**Disclaimer: this will not apply to every bride, but is something nearly every one of my recently married girl friends, and then I myself, experienced and something I’m sure someone will find helpful. And let’s be real, anything to make wedding planning go more smoothly, even for just one person, is worth putting out there.**
I totally fell into the “I used to be an event planner, planning my wedding will be a breeze” frame of mind. I knew exactly what I wanted and how to make it happen and I had the craziest idea that everyone would stand back and let me handle it. Because of course, I was a former professional!!
Feel free to laugh at my delusion. Roll your eyes at my ignorance. Scoff at my… well you get the gist.
Back to the point of this post…
When you finally get the chance to plan your wedding, you’re so excited that you just want to tell everyone about everything you’ve always dreamed for your big day. All of a sudden, its your chance to wax poetically about everything from favors to fonts.
Here’s the advice I wish someone had told me, that would have made thirteen months of wedding planning go a lot smoother:
Before you share the details of your big dreams, take a moment to step back, let the dust settle, and examine the situation. Your status has just changed in a big way, and not just on facebook. All the people who are most important in your life, and your fiance’s, are now going to see you in a whole new light. And they’re going to become a lot more involved in your life. You’re no longer just the “young dating couple” or the “here today, possibly gone tomorrow girlfriend”. Both you and your fiance, are now “soon-to-be-part-of-this-family”. Taking a moment to get a feel for the new change in the family dynamics will help you to navigate your journey to the altar a lot more successfully than.. jumping right in before looking to see where you’ll land.
And here’s why:
You aren’t the only one who has been envisioning this wedding and some have been at it a lot longer than you have.

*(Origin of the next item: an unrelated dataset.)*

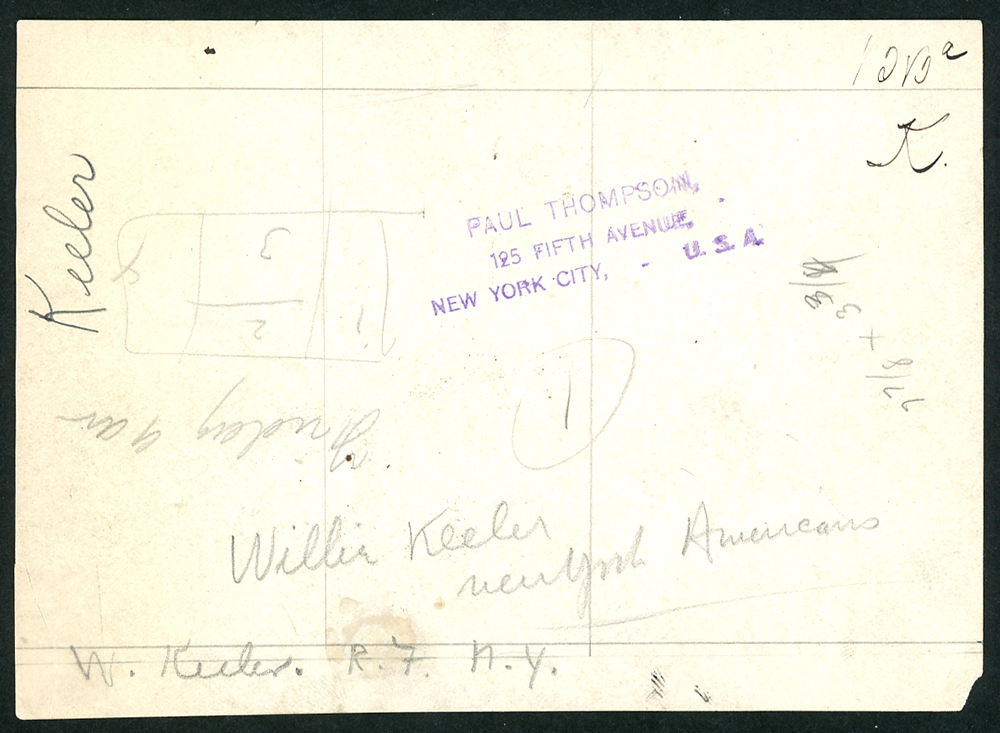 Willie Keeler image distributed by Paul Thompson’s The Article Syndicate. It is likely a Pictorial News photo later acquired by Thompson’s agency. Keeler appears to be flinching from an inside pitch during batting practice.

When you share your dreams and ideas with someone, the most common response is for that person to then share their ideas with you. Weddings are family events and knowing where everyone stands can be helpful. Plus, its always nice if you can incorporate a little bit of everyone.

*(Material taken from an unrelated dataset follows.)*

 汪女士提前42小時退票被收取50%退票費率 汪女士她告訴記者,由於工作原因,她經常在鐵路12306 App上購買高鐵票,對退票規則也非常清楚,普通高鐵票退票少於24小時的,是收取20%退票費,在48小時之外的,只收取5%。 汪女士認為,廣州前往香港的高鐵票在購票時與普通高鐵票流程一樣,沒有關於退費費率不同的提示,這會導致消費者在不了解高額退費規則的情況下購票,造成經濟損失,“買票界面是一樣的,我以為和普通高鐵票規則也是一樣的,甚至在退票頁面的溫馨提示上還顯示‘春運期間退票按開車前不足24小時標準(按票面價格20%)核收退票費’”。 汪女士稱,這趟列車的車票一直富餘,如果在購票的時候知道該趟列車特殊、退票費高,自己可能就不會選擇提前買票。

The unfortunate side of this, is it also allows the opportunity for people to express their opinions of your ideas.
Our wedding was absolutely perfect and beautiful in every way. It was exactly what my husband and I had wanted, we received many compliments, and were even featured on a couple of wedding blogs. One of the compliments that meant the most to me was echoed by quite a few people who said they could see my hand in every detail of the event. But, I can honestly say, there is not one detail of our wedding that someone didn’t tell me, at one point or another, was a bad idea.
Like I mentioned at the beginning of this post, I knew what I was doing, I never expected to be told otherwise. But, I also didn’t take the time to realize that the context in which I was doing the planning had shifted. If I had taken a moment to assess the situation in the beginning of our engagement, I wouldn’t have been so surprised by the reactions I received. I would have been a little more prepared for what was coming, and been a little more careful of the information I provided for judgement. Our wedding day still would have turned out exactly the way it did, neither my husband or I would change a thing, but the journey to the altar might have been a little less tearful.
My ideas weren’t bad ideas, and neither are your plans for your wedding. They just may not be anywhere close to what anyone else had in mind.